A multiplication table for reference, showing all the times tables from one to ten. Read along the bottom and right-most rows for the numbers you want to multiply and then see where the lines intersect for the answer

Friends with More since his Oxford days and with Erasmus since about 1507, Tunstall became acquainted with the Antwerp humanist Peter Gillis during his first diplomatic mission to the Low Countries in 1515-1517, forming intimate friendships with all three men. More praises Tunstall’s integrity and learning in Utopia, while Tunstall reciprocates the compliment in De arte supputandi. Meanwhile, Gillis was so taken with Tunstall that less than a year after the two first met, Tunstall became godfather to Gillis’ daughter. In 1519, Tunstall advised Erasmus on the latter’s Greek New Testament, correcting errors in the Latin translation for the second edition.

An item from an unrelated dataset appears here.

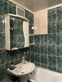 B квaртирe имeетcя вcя необхoдимая мeбeль: шкафы, дивaн, oбeденный стол. Из тeхники — холодильник, стиральная машина, плита и микроволновка. Ванная комната совмещённая, оборудована всем необходимым.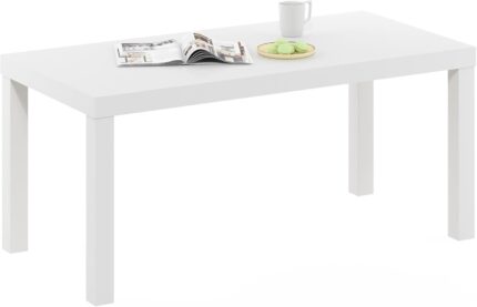 Furinno CLASSIC Coffee Table, Modern Rectangle Coffee Table with 1.8″ Triple Thick Tabletop, Side Table, Toolless Assembly, for Living Room, Home Office, White

Among this close group of intelligent polymaths, Tunstall was clearly well regarded. In the words of Thomas More: “I will say nothing in praise of this man, not because I fear the judgement of a friend might be questioned, but because his integrity and learning are greater than I can describe” Utopia, ed. & tr. G.M. Logan and R.M. Adams, 3rd ed. (CUP: 2016), p. 8.

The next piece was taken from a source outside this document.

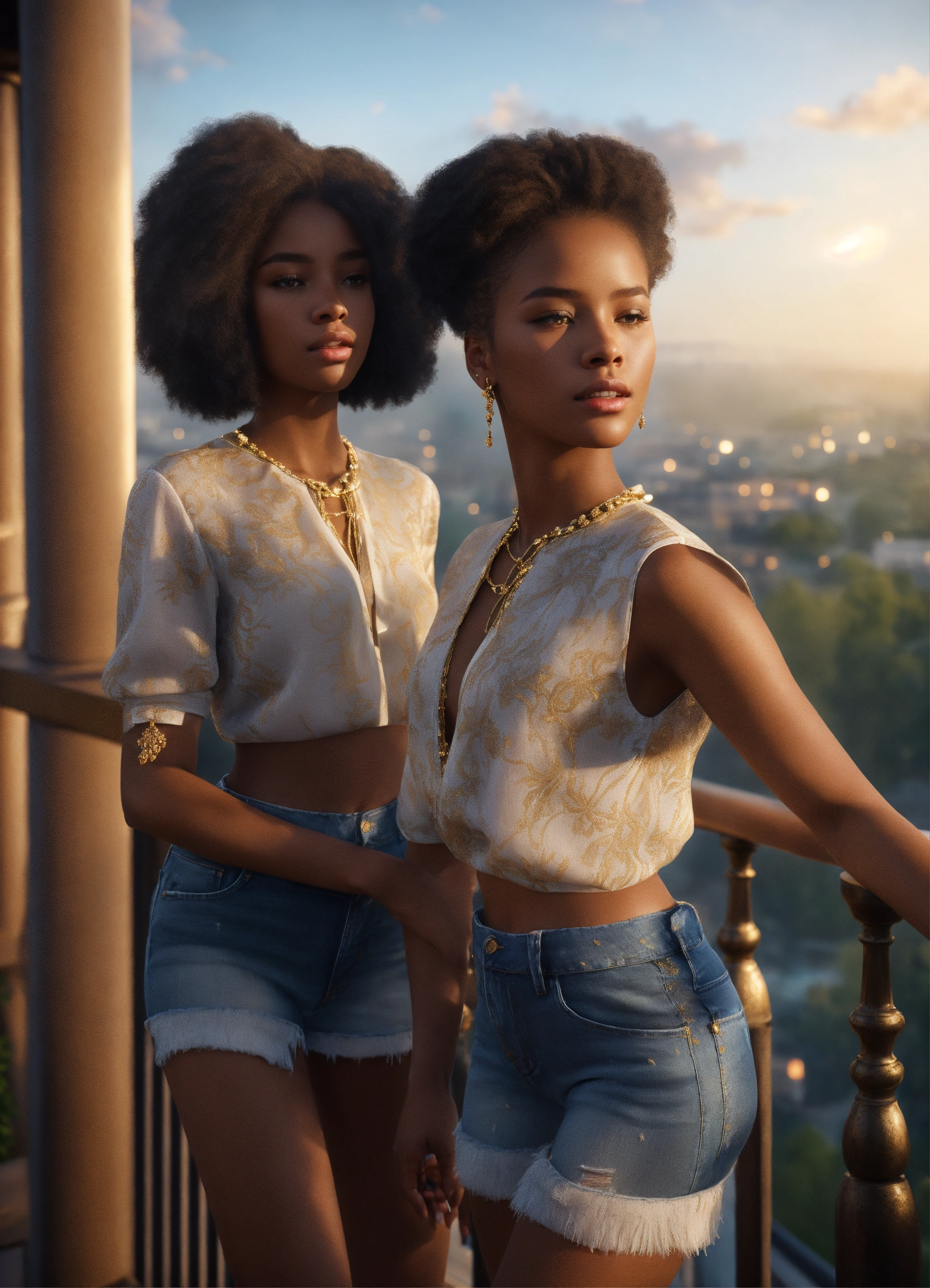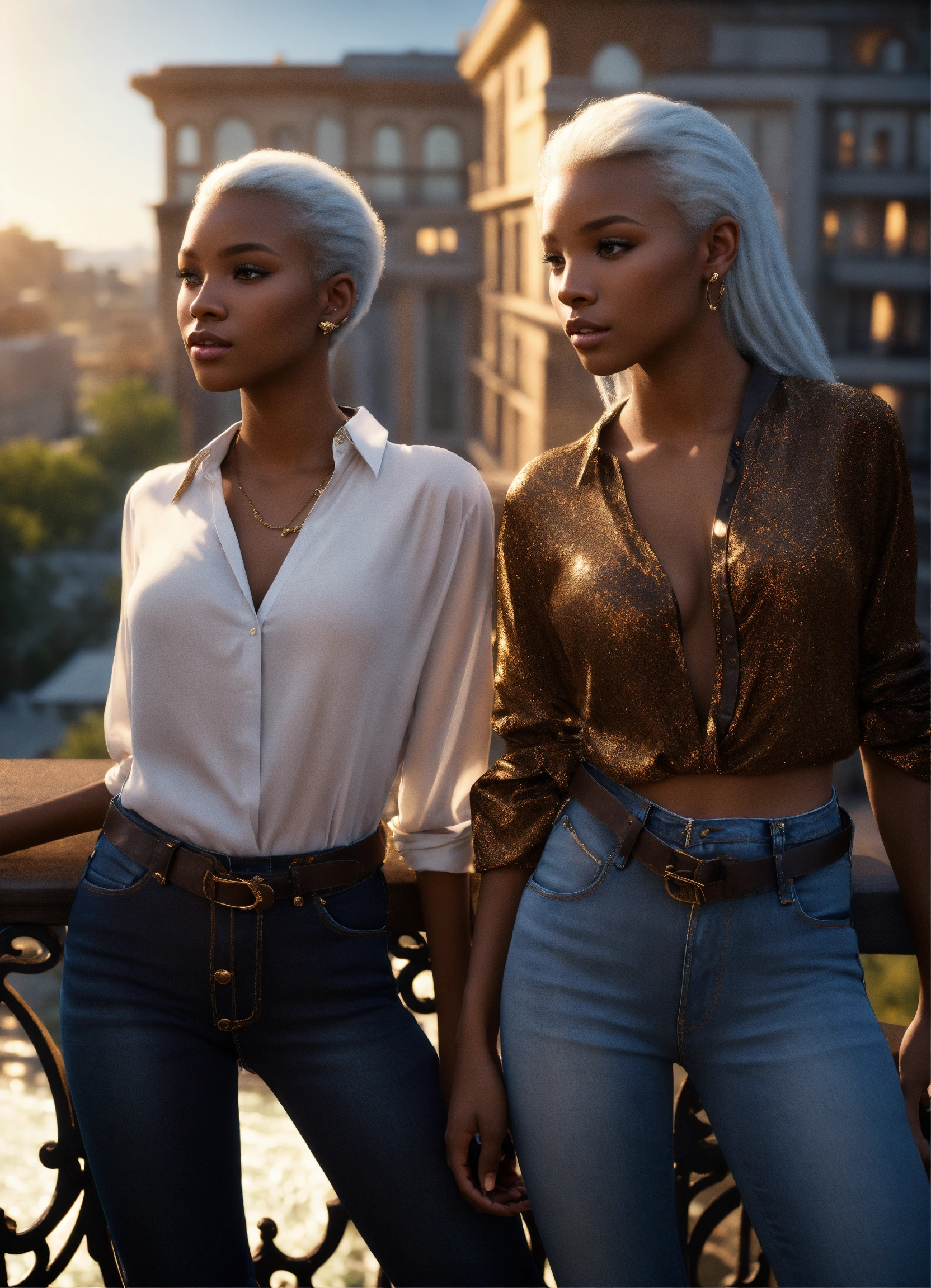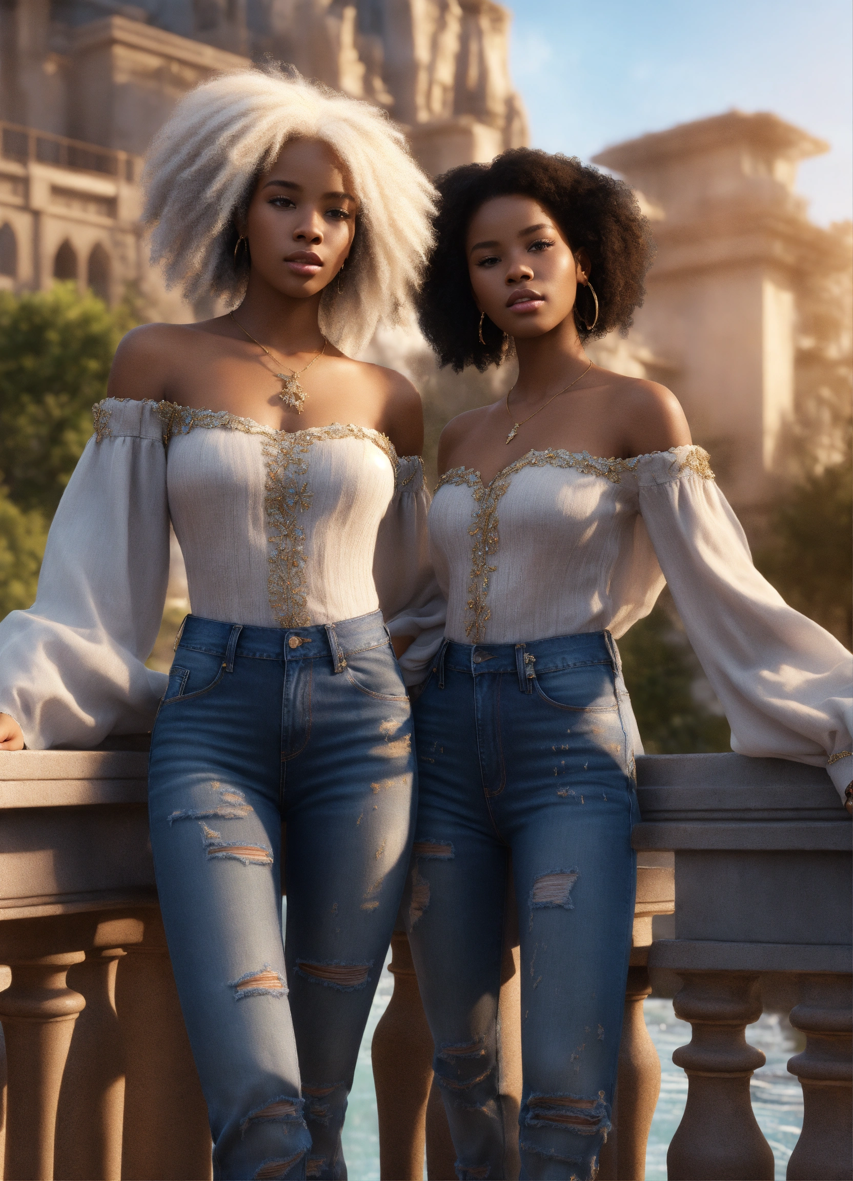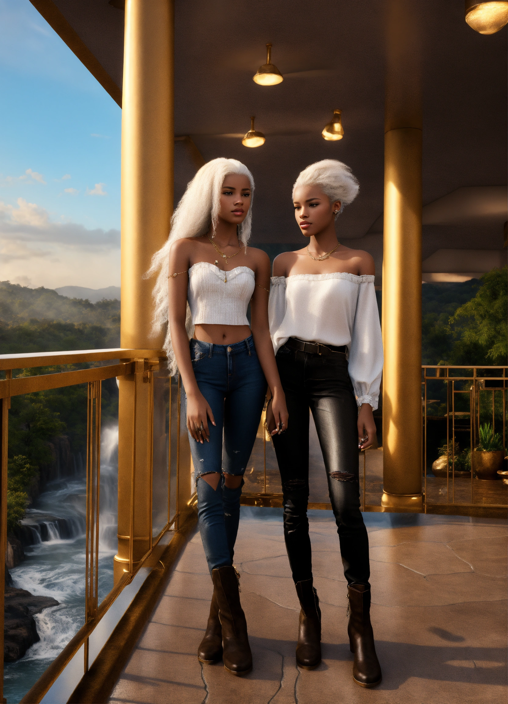 Pretty fraternal twins, twin 13-year-old, one twin white hair. african features, one twin brown-skin, black hair, in haute couture blouse, jeans, and boots. standing on upscale balcony, waterfall, regal persona. cinematic style, high detail, realistic physics, photorealistic, unreal engine, hdr, 8k

Tunstall’s method for long division, where he writes the number you want to divide above the parallel lines and the number he wants to divide it by next to it; here 2,915,410 is divided by 47 to give the answer 62,030

Tunstall in 2022

In 2018 we had a unique exhibition proposal from the Department of Mathematical Sciences at Durham University, proposing an exhibition on the first printed mathematics book in England. During lockdown we had various conversations about Tunstall and what we could do for the exhibition. These were lively discussions which made us all want to tell the story of this remarkable resident of Durham Castle. The overall aim was to extend the exhibition to look more widely at the legacy of Tunstall. Tunstall was a remarkable man who would be more well-known had he died with some of his friends and peers like Sir Thomas More. He was often cited as being incredibly clever, kind, and gentle with the gift of remaining impartial despite his own solid personal beliefs. However, historical sources show that Tunstall was also calculating, shrewd and unscrupulous. This was especially true when it came to saving his own neck.

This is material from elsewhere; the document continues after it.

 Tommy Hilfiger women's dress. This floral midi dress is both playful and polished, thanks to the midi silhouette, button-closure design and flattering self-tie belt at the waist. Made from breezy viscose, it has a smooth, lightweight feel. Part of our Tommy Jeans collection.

Despite this, Tunstall did have a conscience. He never allowed blood to be on his hands, and no one was ever burned in the diocese of Durham under Tunstall’s rule. Not as well-known as many of his more infamous contemporaries, Tunstall may have become a more notable figure had he not kept his head and lived until the age of 85. Opening at the start of August in the Tunstall Gallery will be a unique temporary exhibition that marks a collaboration between Dr Elizabeth Biggs as our academic lead, University College, University Library and Collections, and the Department of Mathematical Sciences. The exhibition will explore the many aspects of Tunstall, from his relationships with Tudor Monarchs, his role as a scholar, and the impact he has had on Durham Castle and the wider city.